Important: changes to user, role, and system entity associations take effect at the time of user authorization. Therefore, when changing a mapping, the user (or users) must log out and log back in to the system. More details about setting up role mapping can be found in the corresponding documentation section.
Cluster
Any changes in this menu item can only be made in coordination with Flant specialists.
This section lists the clusters that have been added to the configuration replication system. If the “disaster-resistant” installation option is selected, there may be more than one cluster here. Each cluster represents a separate system installation, most commonly hosted in a separate data center.
This section also displays the synchronization status of settings between various system components and the data synchronization status between installations, if a disaster-resistant installation is being used.
Users
This section allows viewing all users who have logged into the system, as well as tracking all associations of users with all system entities. This section is useful for debugging role mappings to understand which roles are assigned to users for various system entities.
Important: changes to user, role, and system entity associations take effect at the time of user authorization. Therefore, when changing a mapping, the user (or users) must log out and log back in to the system.
Audit Logs
The “Audit Logs” section allows viewing and analyzing the audit log, which contains records of all changes occurring in the system. This includes object changes, user actions, and change sources. Analyzing these logs helps track system security and integrity, as well as identify any suspicious activities.
Audit Log Filters
Various filters are provided for more convenient use of the section. You can use them to refine your search and display specific records.

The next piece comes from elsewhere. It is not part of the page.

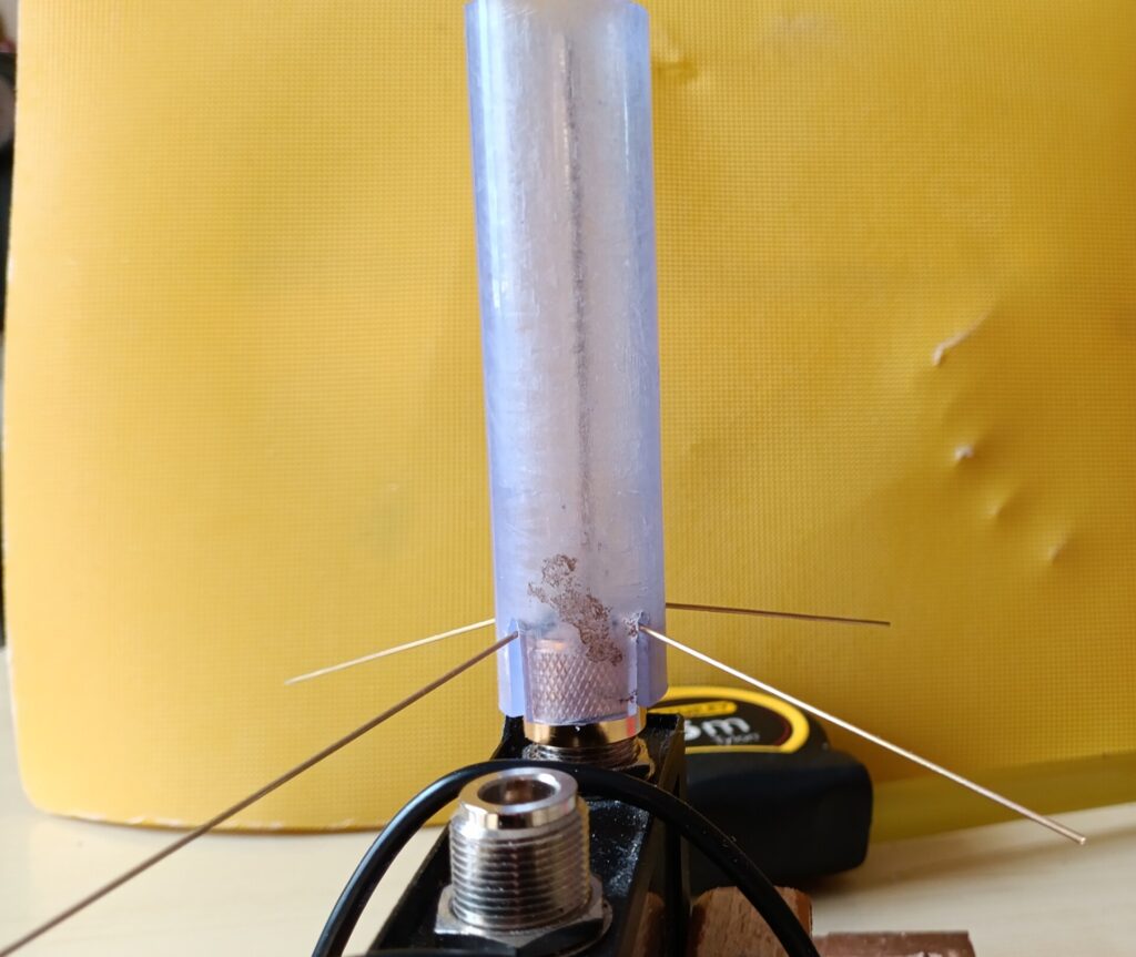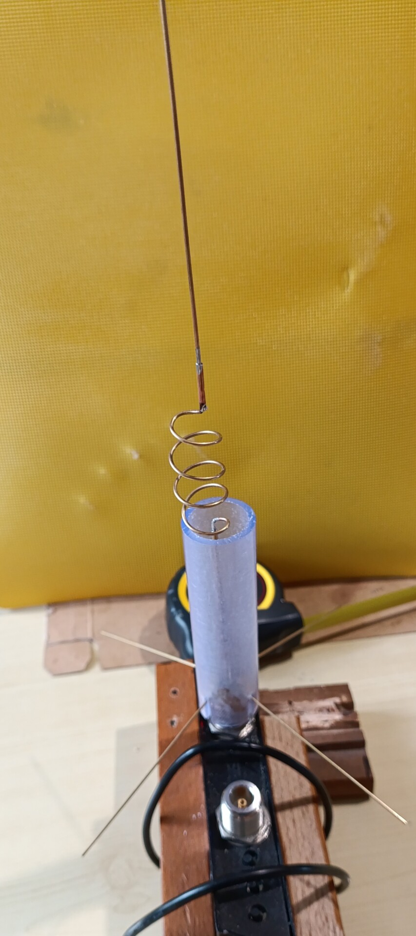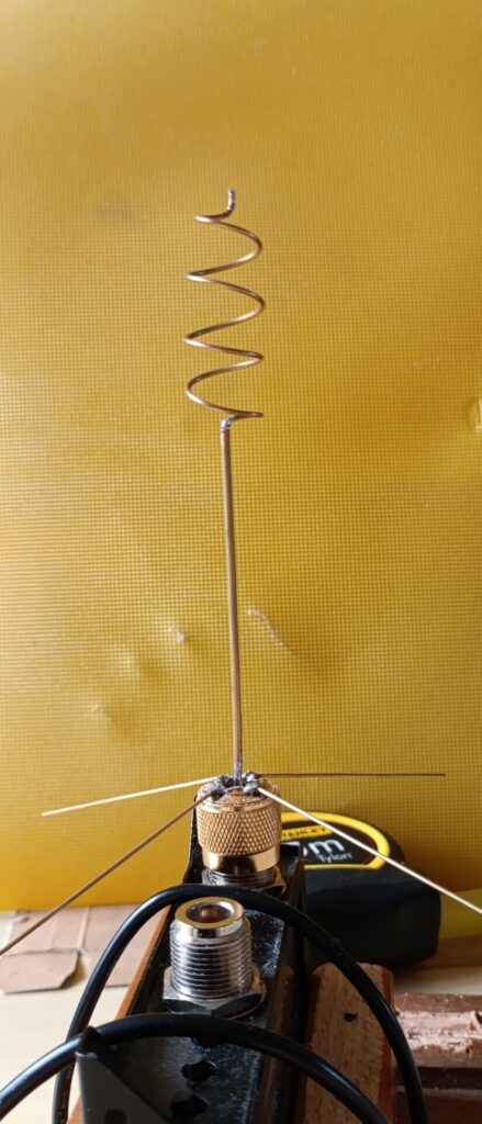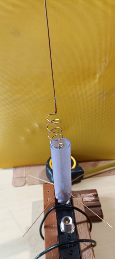 Allora, empiricamente, la strada più corta potrebbe consistere nel preparare una base, diciamo una GP, in perfetta risonanza e poi saldarci sopra la bobina. Si noti che in questo caso il diametro della bobina è stato scelto in modo di adattarsi al radome. La bobina è diametro 16mm e, come vedrete, conterà circa 4 spire spaziate da circa 12 mm. E’ un compromesso, in realtà un diametro ottimizzato dovrebbe essere minore e il numero di spire maggiore, e maggiore anche la dimensione verticale della bobina. Ma bisogna che l’antenna stia ragionevolmente ferma dentro al radome.
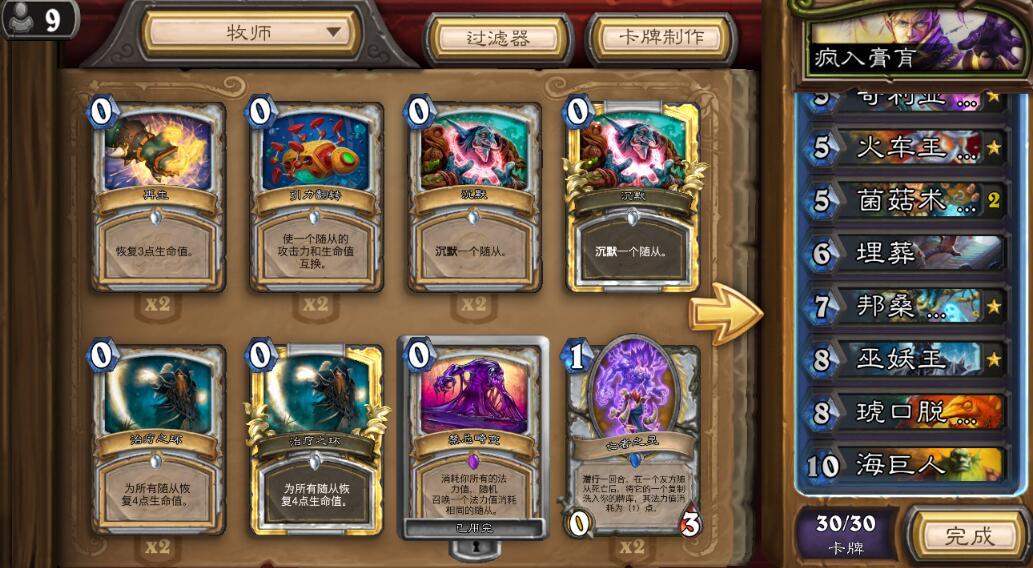 目前大家对于邦桑迪死亡之神的开发程度还比较低,根据环境可以调整,哪怕是不用777而是换成龙体系也可以让它成为过牌,但是却是杀招一般的存在,所以死亡之神开发之后目测会更适合牧师,在此我们留个悬念。

Available filter parameters:
- “Object ID” — the unique identifier of the object;
- “Object Type” — the object type for filtering (e.g., project, user, role, etc.);
- “Created From” — the start date and time for the search period (format: dd.mm.yyyy, –:–);
- “Created Until” — the end date and time for the search period (format: dd.mm.yyyy, –:–);
- “User ID” — the unique identifier of the user;
- “Change Source” — the source of changes (if known);
- “Action” — the action type (e.g., create, edit, delete);
- “Changed Field” — the specific field whose changes you want to view;
- “Changed Value” — the specific value the field was changed to.